» What the task requires
Your task is to return exactly the lines that run from the one containing "3月4日のメニュー ・チキンカレーライス ・ツナサラダ ・牛乳" through the end of the listing below, without any pictures.
-- -- --
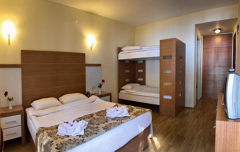 Club sobe nalaze se u bungalovima i veličine oko 22m (pored dva standardna ležaja mogu imati krevete na sprat), kupatilo (Tuš WC i fen za sušenje kose), klima uredjaj, mini-bar (uz doplatu), sef (uz doplatu), SAT TV uređaj, balkon ili terasa; superior sobe nalaze se u glavnoj zgradi veličine oko 25m², kupatilo (Tuš WC i fen za sušenje kose), klima uređaj, mini-bar (uz doplatu), sef (uz doplatu), SAT TV uređaj, balkon; club porodične sobe nalaze se u bungalovima i sastoje se od dve prostorije odvojene vratima veličine oko 35m², kupatilo (Tuš WC i fen za sušenje kose), klima uređaj, mini-bar (uz doplatu), sef (uz doplatu), SAT TV uređaj, balkon ili terasa.
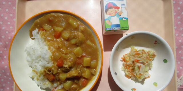 3月4日のメニュー ・チキンカレーライス ・ツナサラダ ・牛乳
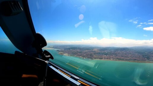 Заход на посадку Airbus А320. Вид из кабины пилота Airbus А320 с прекрасными обзором на город Трабзон, Турция
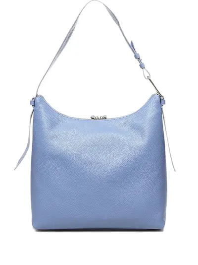 light blue pebble leather zip fastening single shoulder strap adjustable strap gold-tone hardware
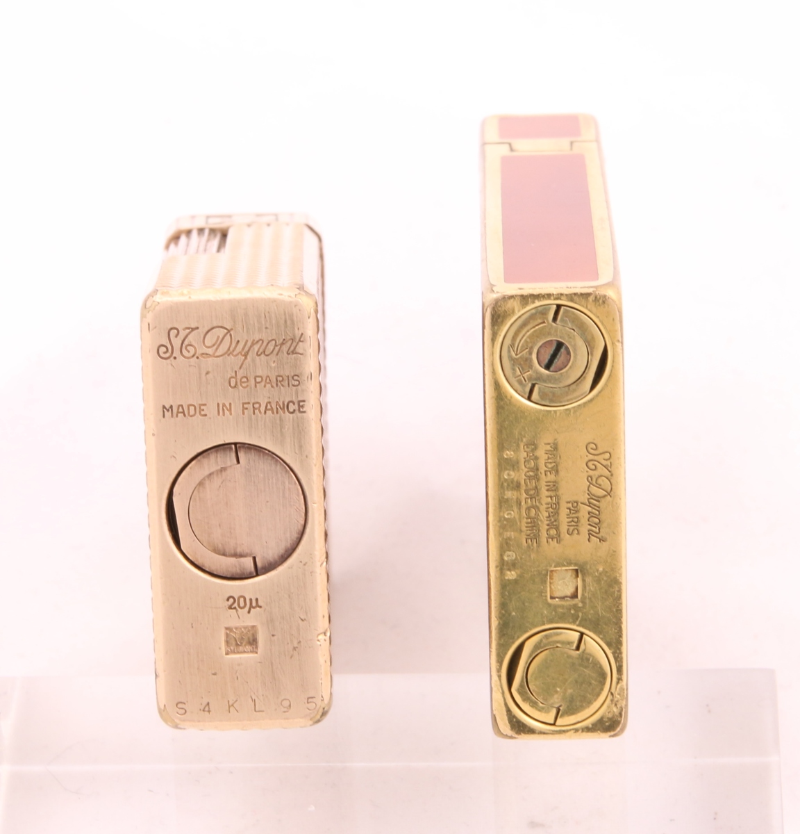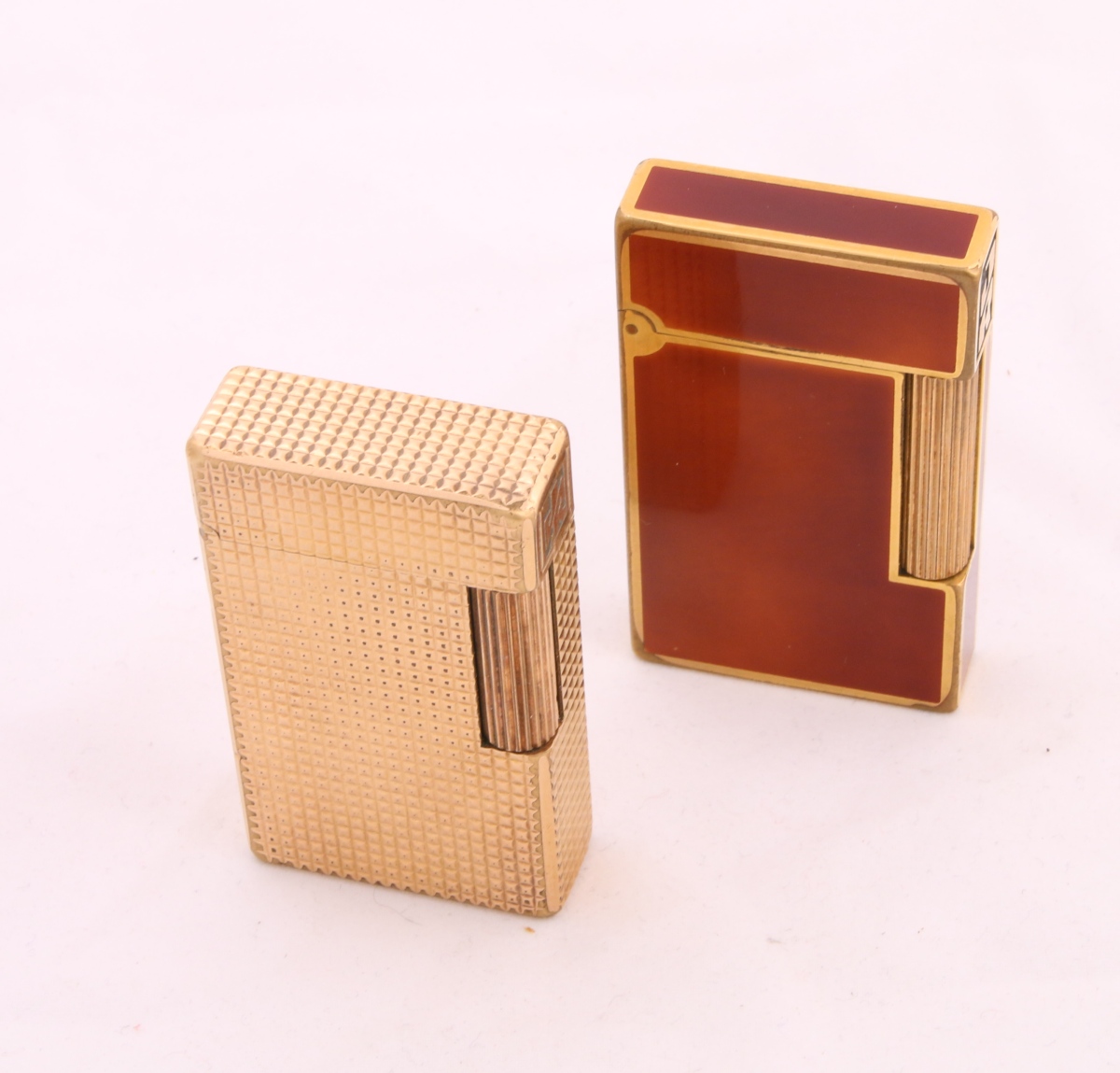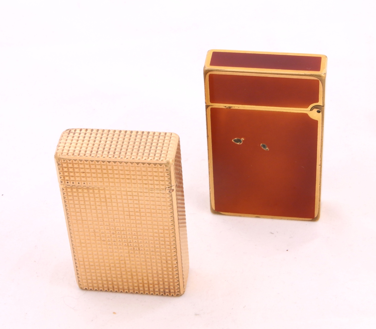 DUPONT. 2 BRIQUETS, l'un en métal doré guilloché et l'autre en laque fauve (accidents).
-- -- --
» Result
 3月4日のメニュー ・チキンカレーライス ・ツナサラダ ・牛乳
 Заход на посадку Airbus А320. Вид из кабины пилота Airbus А320 с прекрасными обзором на город Трабзон, Турция
 light blue pebble leather zip fastening single shoulder strap adjustable strap gold-tone hardware
 DUPONT. 2 BRIQUETS, l'un en métal doré guilloché et l'autre en laque fauve (accidents).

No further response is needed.